Si la poursuite du programme nucléaire iranien fait l’objet d’un consensus en Iran, la manière dont il faut s’y prendre avec les puissances prescriptrices de sanctions fait donc, elle, débat. Selon Clément Therme, contrairement par exemple à Said Jalili, le poulain de Khamenei défait vendredi, Rohani estime qu’il faut « éviter une confrontation forte avec l’Occident aussi pour ne pas tomber totalement dans les bras de la Russie et de la Chine. Il plaide pour un équilibre entre d’un côté un dialogue plus approfondi avec l’Europe et l’Occident et de l’autre des liens maintenus mais pas exclusifs avec Moscou et Pékin ».
Une vision pragmatique des relations internationales assez éloignée du « romantisme révolutionnaire » qui, selon le chercheur, a caractérisé la politique étrangère de Mahmoud Ahmadinejad au cours des huit dernières années, et qui pourrait rebattre les cartes. Au point de voir s’ouvrir un dialogue direct entre Washington et Téhéran ? Rien n’est encore acquis mais désormais l’hypothèse est sur la table.
L’autre dossier de politique extérieure est bien entendu la Syrie. Si Damas et le Hezbollah libanais restent les alliés privilégiés et historiques de Téhéran dans la région, les bouleversements des printemps arabes (que l’on appelle le « réveil islamique » à Téhéran) font bouger les lignes. « L’idée force de préserver un "axe de résistance" face à Israël fait consensus, concède Clément Therme. Mais après la victoire de Rohani, on pourrait assister à un léger rééquilibrage de la diplomatie iranienne en faveur des Frères musulmans qui pourrait se traduire par un peu plus de pondération dans le soutien à Damas et un peu plus de soutien à Genève 2 [3] »

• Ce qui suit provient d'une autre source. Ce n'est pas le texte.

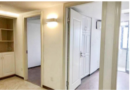
本套房源位于五洲国际商贸城14栋19楼，建筑面积81平方米，装修时分割为两层，故实用面积可达160平方米，
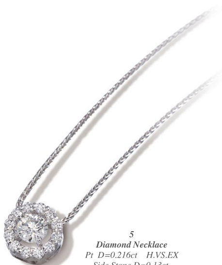
5 Diamond Necklace Pt D=0.216ct H.VS.EX Side Stone D=0.13ct price ¥294,000
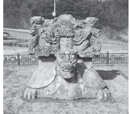
그림 3. 흥법사지 진공대사탑 및 탑비
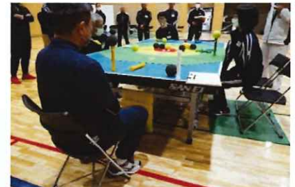
最重度の障がい者 スポーツの実施
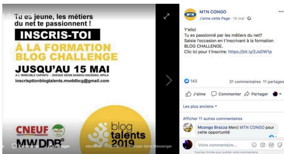
Image 3. Copie d'écran des pages Facebook de MTN
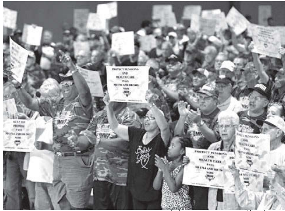
Mineros de unión UMW protestan en Lexington, Kentucky, junio 2016, cortes en pensiones, salud.

Trabajadores necesitan pensiones a escala sindical
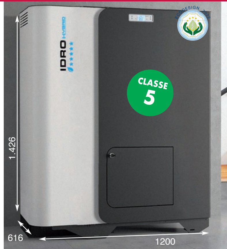
Sistema Oslo Domus combinado con acumulador ACS interno (120L)
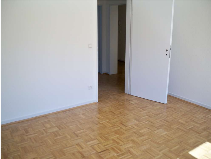
05 - Zimmer
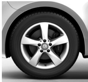
43,2 cm (17") Leichtmetallräder, vanadiumsilber lackiert, mit Bereifung 225/55 R 17 (RL8)
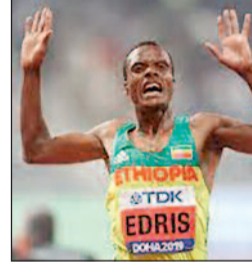
बोनस धनराशि भी मिलेगी। पुरुष वर्ग में किबेट पर सबकी नजर रहेगी। इस 20 वर्षीय खिलाड़ी ने दो साल पहले विश्व जूनियर एथलेटिक्स चैंपियनशिप के फाइनल में जगह बनाई थी। किबेट उन पांच एथलीटों में से एक हैं, जिन्होंने इस साल 27 मिनट से कम समय में 10 किमी की दौड़ पूरी की है। इस प्रतियोगिता में 5000 मीटर में दो बार के विश्व चैंपियन एड्रिस भी अपनी कड़ी चुनौती पेश करेंगे।

बेंगलुरु। युगांडा के हार्बर्ट किबेट और इथियोपिया के 5000 मीटर में दो बार के विश्व चैंपियन मुख्तार एड्रिस 26 अप्रैल को होने वाली टीसीएस वर्ल्ड 10के (10 किमी) बेंगलुरु प्रतियोगिता के मुख्य आकर्षण होंगे। इस प्रतियोगिता को विश्व एथलेटिक्स से गोल्ड लेवल का दर्जा हासिल है। इसकी कुल पुरस्कार राशि 210000 अमेरिकी डॉलर है। इसमें पुरुष और महिला वर्ग में विजेता रहने वाले खिलाड़ी को 26000 अमेरिकी डॉलर के अलावा कार्स रिकॉर्ड बनाने पर बोनस धनराशि भी मिलेगी। पुरुष वर्ग में किबेट पर सबकी नजर रहेगी। इस 20 वर्षीय खिलाड़ी ने दो साल पहले विश्व जूनियर एथलेटिक्स चैंपियनशिप के फाइनल में जगह बनाई थी। किबेट उन पांच एथलीटों में से एक हैं, जिन्होंने इस साल 27 मिनट से कम समय में 10 किमी की दौड़ पूरी की है। इस प्रतियोगिता में 5000 मीटर में दो बार के विश्व चैंपियन एड्रिस भी अपनी कड़ी चुनौती पेश करेंगे।
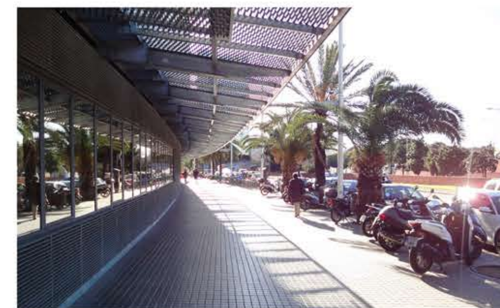
Façana Universitat Pompeu Fabra, C/Doctor Aiguader, 1991.
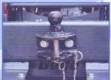
VIDITELNÉ TAŽNÉ ZAŘÍZENÍ - Těžký přívěs
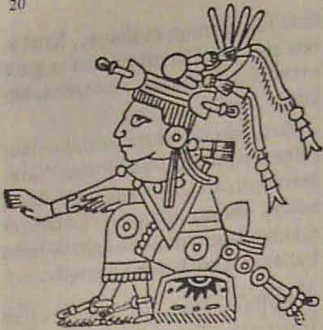
Xochiquetzal, Tlalco jainkoaren emaztea.

bat erdian; beronen aurrez-aurre kokatzen da Illagiaren Zeia, eta sarkalderantz daukazuz Jaguar eta Mitxeleten Jauretxeak.
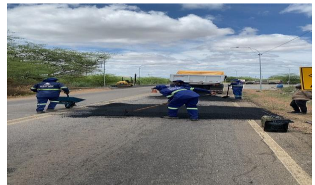
MANDACARU - MANUTENÇÃO PAV ASFÁLTICO
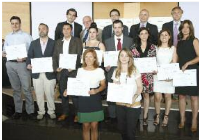
Foto de familia de los premiados.
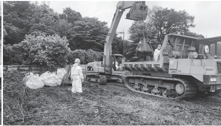
【豚熱】那須烏山市の養豚場の防疫措置での埋却箇所掘削および埋却作業（7月～9月）
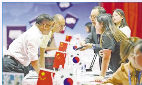
第三届中国—蒙古国博览会上,中韩企业代表在中韩企业经贸洽谈会上一对一洽谈
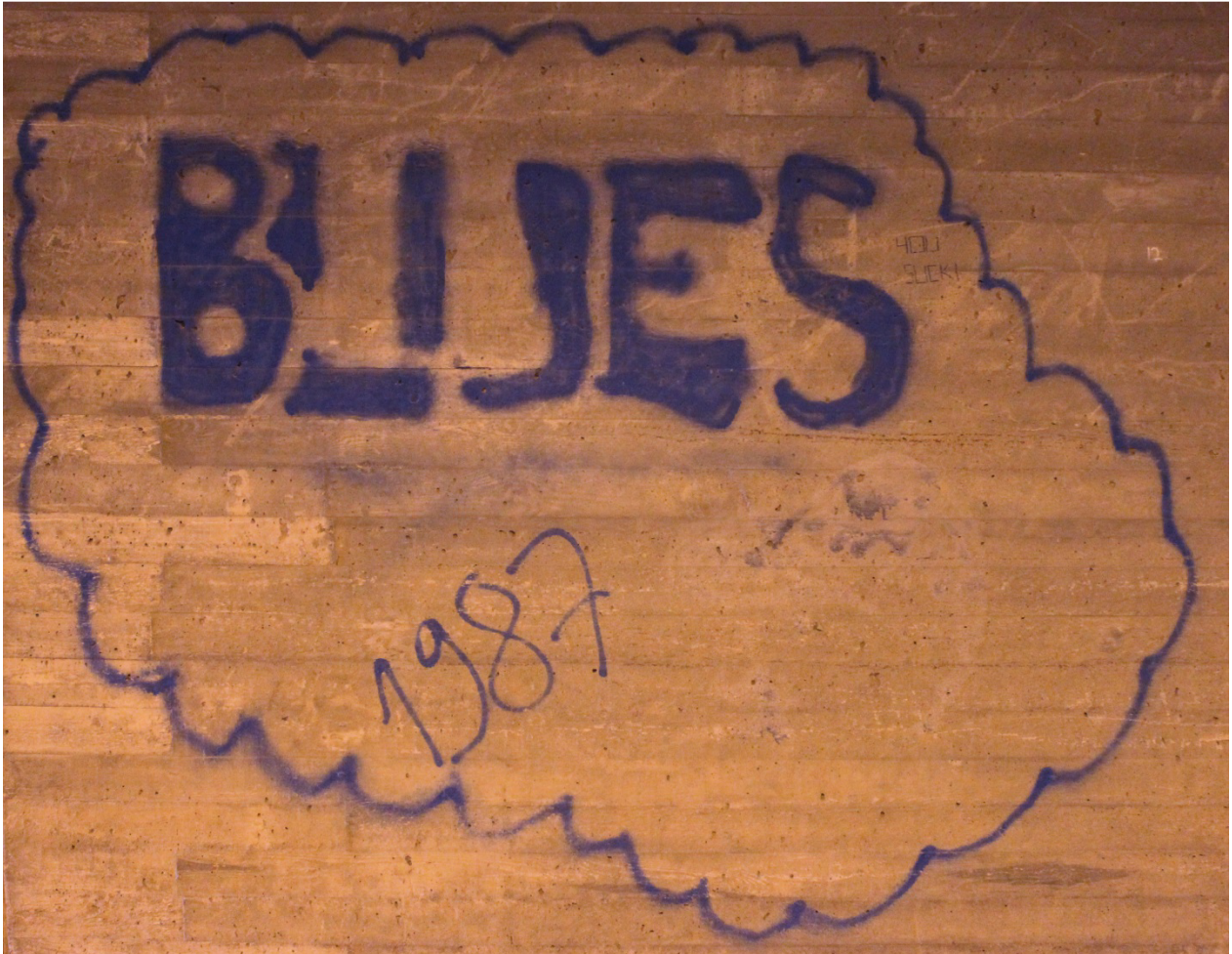
Kuva 27. Blues, 1987.

keskeiseen graffitiin. Kuitenkin kuvassa on implisiittisiä viitteitä siitä, että tekijän esikuvana ovat toimineet väljät mielikuvat piisseistä tässä ilmeisen varhaisessa kokeilussa. Maalaus saa osakseen myös nimetöntä kritiikkiä: "YOU SUCK!" on kirjoitettu pienin kirjaimin S-kirjaimen oikealle puolelle (Kuva 27).
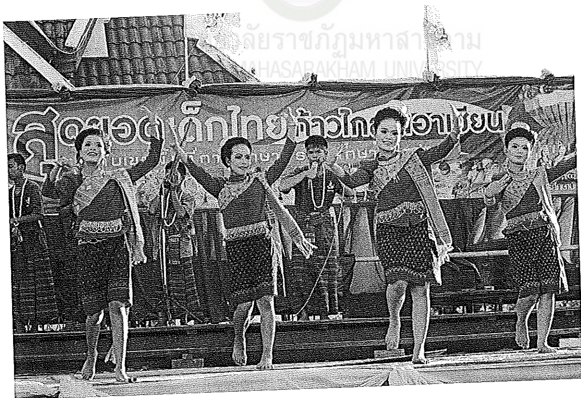
ภาพที่ 12 กิจกรรม TO BE NUMER ONE
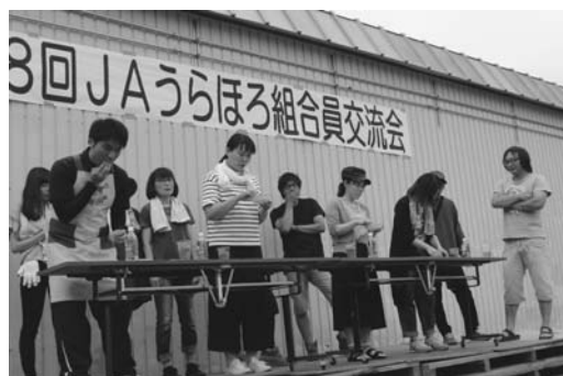
チーム対抗早食い競争

り浦幌産牛肉を提供していただき、焼台に花を添えました。また、昨年引き続き緑日風にかき氷とポップコーンの提供を行い好評でした。余興・イベントとして交流会の合間には新人職員の紹介やビンゴゲームを行った他、新たな企画として「チーム対抗早食い競争」を開催し、兄弟経営チームをはじめ4組の男女チームに参加していただきました、なかでも女性だけで編成された「チーム同級生」が健闘し2位に入賞し、大変盛り上がりしました。
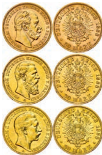
90 3x 20 Mark, 1888, Wilhelm I. bis Wilhelm II., in Holzschatulle, jeweils um ss bis vz. J. 246/248/250 800,—
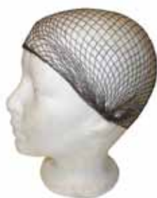
FILET MOYEN À CHEVEUX - 12/paquet brun F224 blanc F224B
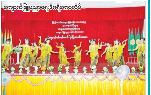
ကျောက်ဖြူပညာရေးဒီဂရီကောလိပ်
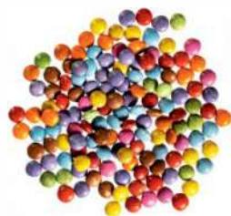
LENTILKY SMARTIES ID 711138 / 0,5 kg
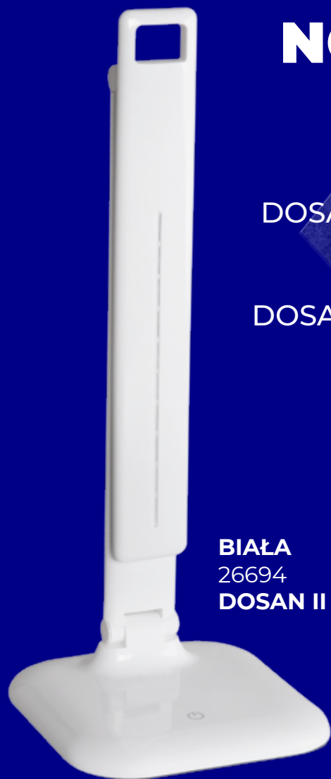
BIAŁA 26694 DOSAN II LED W
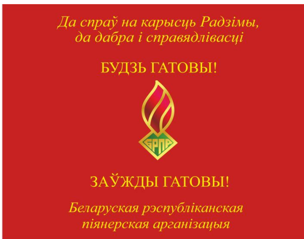
Знамя пионерской дружины (лицевая сторона)
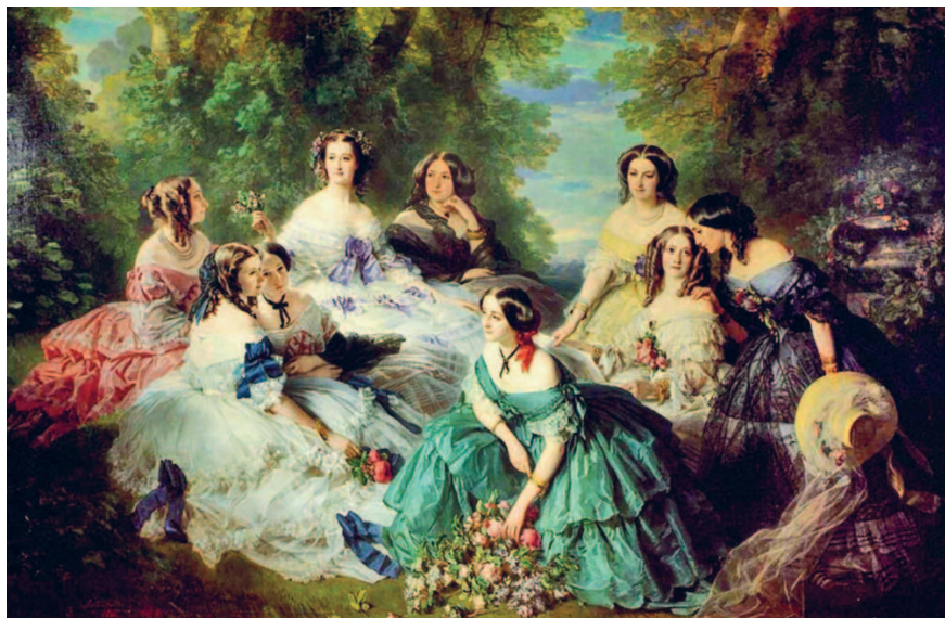
Франц Ксавер Винтерхальтер. Императрица Евгения и её дамы. 1855 г. Шато-де-Компьень, Компьень

Чтобы понять новый взгляд Мане, сравним его картину с работой мастера парадных портретов Франца Винтерхальтера. В 1855 году он также написал отдыхающих в тени деревьев француженок. На полотне «Императрица Евгения и её дамы» изображена супруга Наполеона III в окружении фрейлин. Художник показал её сидящей чуть выше остальных, в белом платье с фиолетовыми бантами, и выделил более интенсивным светом. Композиция картины абсолютно уравновешенная: левая часть соответствует правой, дамы показаны сидящими в кругу. В таком случае фон в виде деревьев кажется чем-то вроде декорации. Все дамы на картине — реаль-

La République islamique d’Iran n’a pas connu de séisme politique vendredi et le Guide suprême garde la main sur les dossiers stratégiques. Mais il a dû reconnaitre l’élection du moins conservateur des candidats en lice, et ce d’autant plus que celui ci a véritablement été plébiscité par le peuple. Le succès de Rohani constitue donc une petite secousse tellurique : les modérés reprennent du souffle à Téhéran. Dans cette région où la géopolitique est, plus qu’ailleurs, affaire de tectonique des plaques, c’est déjà une nouvelle d’importance.